Simulate Claims

Brian A. Fannin

2017-06-05

Individual claim simulation fits into two basic categories: 1) wait-time and 2) link ratio. An example of the first may be found in Stanard and an example of the second may be found in Guszcza.

Wait-time modelling

Claim simulation occurs once we have a data frame of policies. For each row in this data frame, we will simulate zero or more claims and zero or more claim transactions.

library(imaginator)
set.seed(12345)
dfPolicy <- SimulatePolicies(2, 2001:2005)

dfPolicy %>% 
  head(5) %>% 
  kable()
PolicyEffectiveDate PolicyExpirationDate Exposure PolicyholderID
1 2001-09-21 2002-09-20 1 1
2 2001-11-16 2002-11-15 1 2
21 2002-11-16 2003-11-15 1 2
11 2002-09-21 2003-09-20 1 1
22 2003-11-16 2004-11-15 1 2

We’ll begin with non-stochastic wait times and claim frequencies.

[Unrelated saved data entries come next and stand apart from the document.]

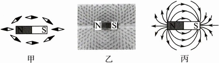 2. 某同学研究磁体周围的磁场情况,将一根条形磁体放在水平桌面上,在它周围放置一些小磁针,小磁针的指向情况如下图甲所示;将小磁针拿掉之后,在条形磁体上面放一块有机玻璃,玻璃上均匀撒一层铁屑,轻轻敲打玻璃,可以看到铁屑的分布情况如图乙所示;根据图甲和图乙所示的实验现象,用磁感线描述条形磁体周围的磁场情况如图丙所示。下列说法不正确的是(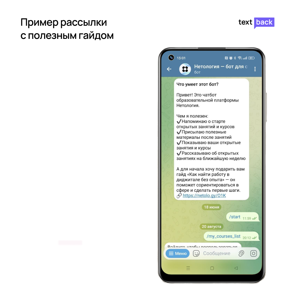 Рассылки в мессенджерах — это инструмент, который может продавать, вовлекать и удерживать клиентов. При этом у вас всего несколько секунд, чтобы заинтересовать человека. Поэтому текст должен быть коротким, цепким и полезным.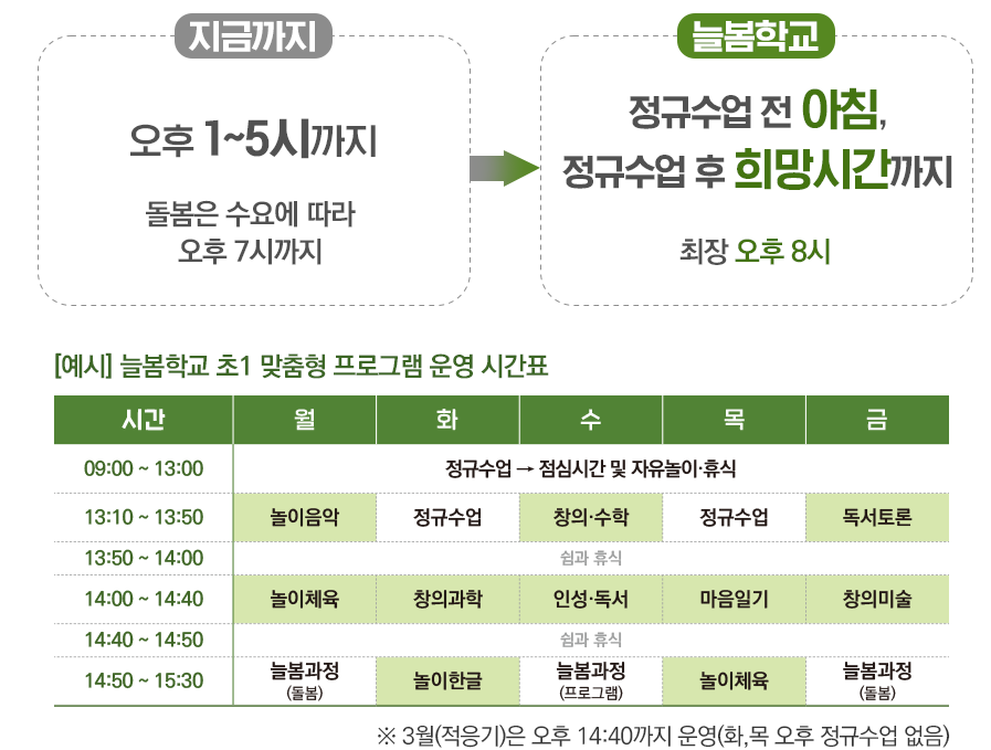 늘봄학교는 정규 수업이 끝난 이후에도 학생들이 학교에 남아 다양한 맞춤형 교육 프로그램과 돌봄 서비스를 받을 수 있도록 설계되었습니다.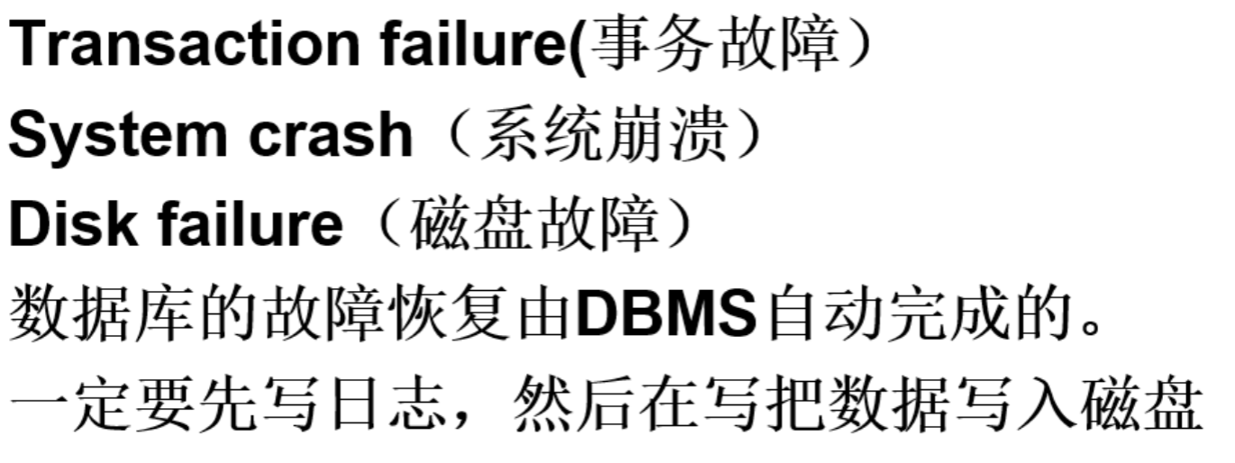 - 持久性 durability:DBMS 保证已提交事务的影响是持久的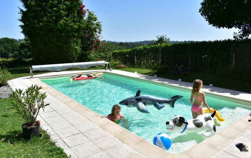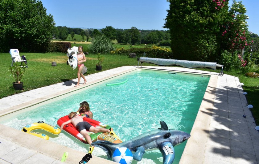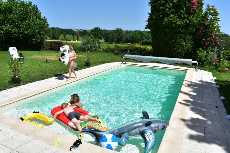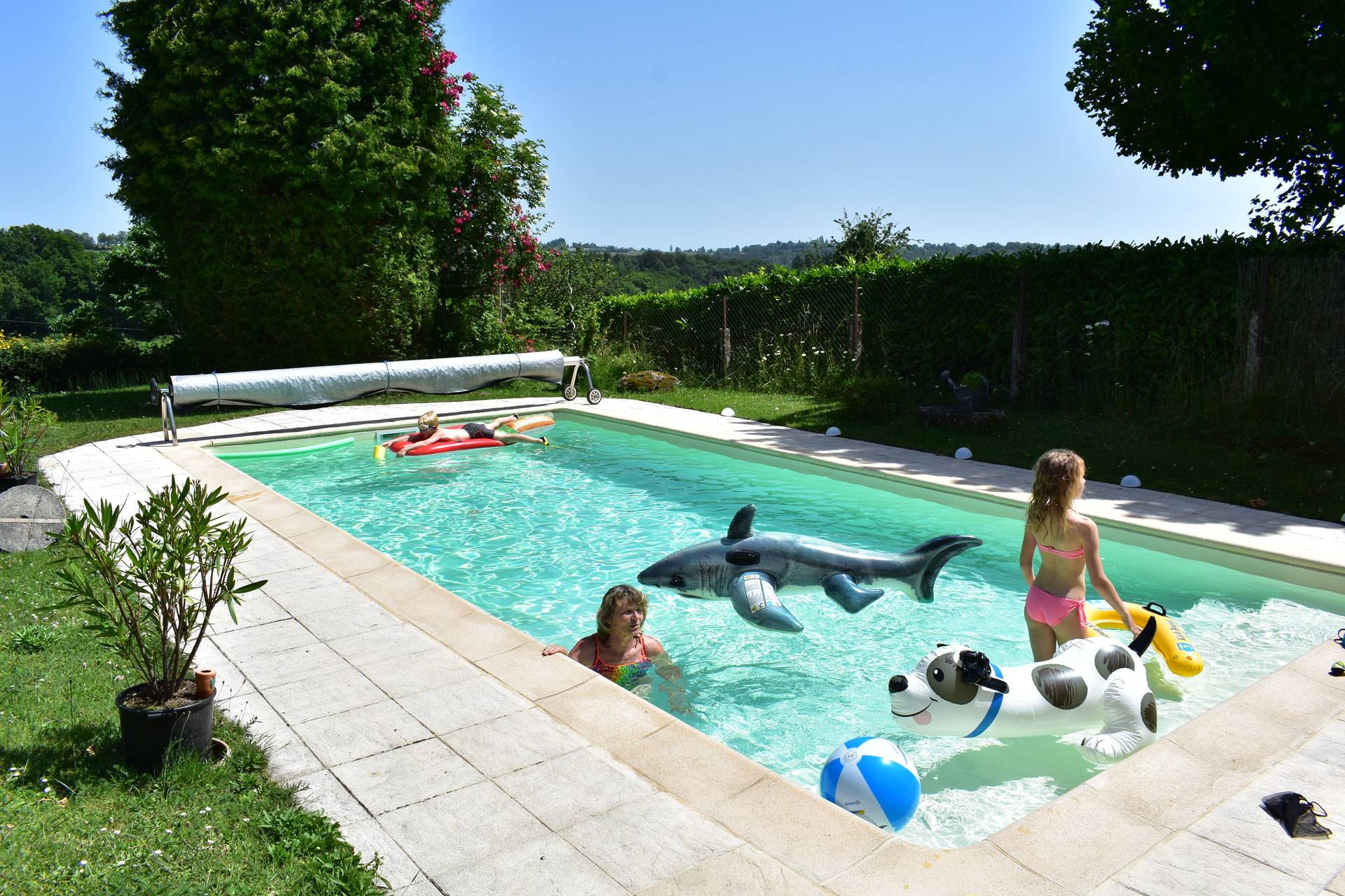 En été, notre piscine ouverte dans le jardin offre le rafraîchissement nécessaire pour les amateurs de la baignade.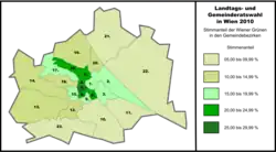Nach den Spaltungen in zwei der 23 Grünen Bezirksgruppen gerieten die Wiener Grünen bereits zu Beginn der Landtags- und Gemeinderatswahl 2010 in die Defensive. Mit 12,6 % erreichten sie nur noch 11 Mandate, was einen Verlust von rund zwei Prozentpunkten drei Mandaten bedeutete. Hatten die Grünen 2005 noch sieben Direktmandate erreicht, so erzielten sie 2010 nur noch vier Direktmandate, wobei je ein Mandat in den Wahlkreisen Zentrum, Innen-West, Leopoldstadt und Landstraße erreicht wurde. Ihr stärkstes Ergebnis erreichten die Grünen mit 29,4 % im Bezirk Neubau, lediglich 6 bis 7 % konnten sie in den Bezirken Simmering, Favoriten, Donaustadt und Floridsdorf erzielen.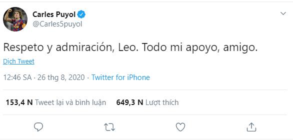 Cựu đội trưởng Barcelona, Carles Puyol, đã ngầm ám chỉ việc Messi ra đi sau khi có một dòng tweet ủng hộ người đồng đội cũ. Trên Twitter cá nhân, cựu trung vệ viết: "Luôn tôn trọng mọi quyết định của cậu, Leo. Tôi sẽ ủng hộ hết mình cho người anh em, cố lên".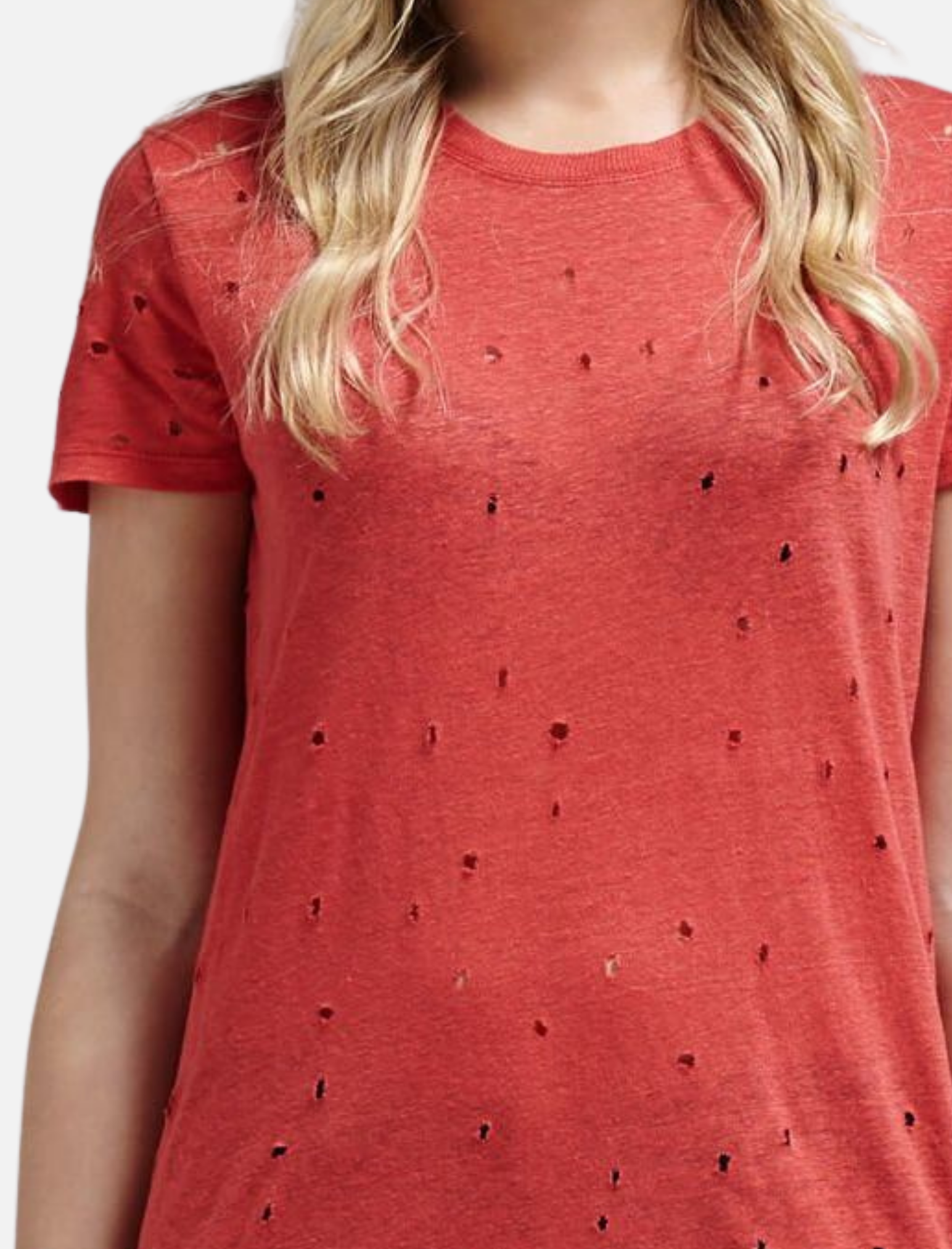 The not so basic basic from IRO. This Clay T-shirt in Bright Red is made from a soft linen and features deliberately distressed cut-out details. Match it back with a faded denim or leather pants for a rock n' roll look.

dfClaimTransactions <- ClaimsByWaitTime(
    dfPolicy
  , ClaimFrequency = FixedHelper(2)
  , PaymentFrequency = FixedHelper(3)
  , OccurrenceWait = FixedHelper(10)
  , ReportWait = FixedHelper(5)
  , PayWait = FixedHelper(5)
  , PaySeverity = FixedHelper(50))

Here we have assumed that each policy will generate 2 claims and each claim will produce 3 payment. Because we have 10 policies, this means we have 60 claim payments. Here they are for the first policy:

dfClaimTransactions %>% 
  filter(PolicyholderID == 1, lubridate::year(PolicyEffectiveDate) == 2001) %>% 
  select(ClaimID, OccurrenceDate, ReportDate, PaymentDate, PaymentAmount) %>% 
  kable()
ClaimID OccurrenceDate ReportDate PaymentDate PaymentAmount
1 2001-10-01 2001-10-06 2001-10-11 50
1 2001-10-01 2001-10-06 2001-10-16 50
1 2001-10-01 2001-10-06 2001-10-21 50
2 2001-10-01 2001-10-06 2001-10-11 50
2 2001-10-01 2001-10-06 2001-10-16 50
2 2001-10-01 2001-10-06 2001-10-21 50

Let’s do that again with some random amounts. We’ll keep the claim frequency fixed so that we can compare to the output above.

dfClaimTransactions <- ClaimsByWaitTime(
    dfPolicy
  , ClaimFrequency = FixedHelper(2)
  , PaymentFrequency = PoissonHelper(2)
  , OccurrenceWait = PoissonHelper(10)
  , ReportWait = PoissonHelper(5)
  , PayWait = PoissonHelper(5)
  , PaySeverity = LognormalHelper(log(50), 0.5*log(50)))
ClaimID OccurrenceDate ReportDate PaymentDate PaymentAmount
1 2001-09-25 2001-10-02 2001-10-06 8.660829
1 2001-09-25 2001-10-02 2001-10-12 273.995097
1 2001-09-25 2001-10-02 2001-10-22 134.503747
1 2001-09-25 2001-10-02 2001-10-28 95.663423
2 2001-10-02 2001-10-05 2001-10-10 1503.396967
2 2001-10-02 2001-10-05 2001-10-18 49.134663

Note that the transaction data is denormalized. The policy and claim information fields are repeated.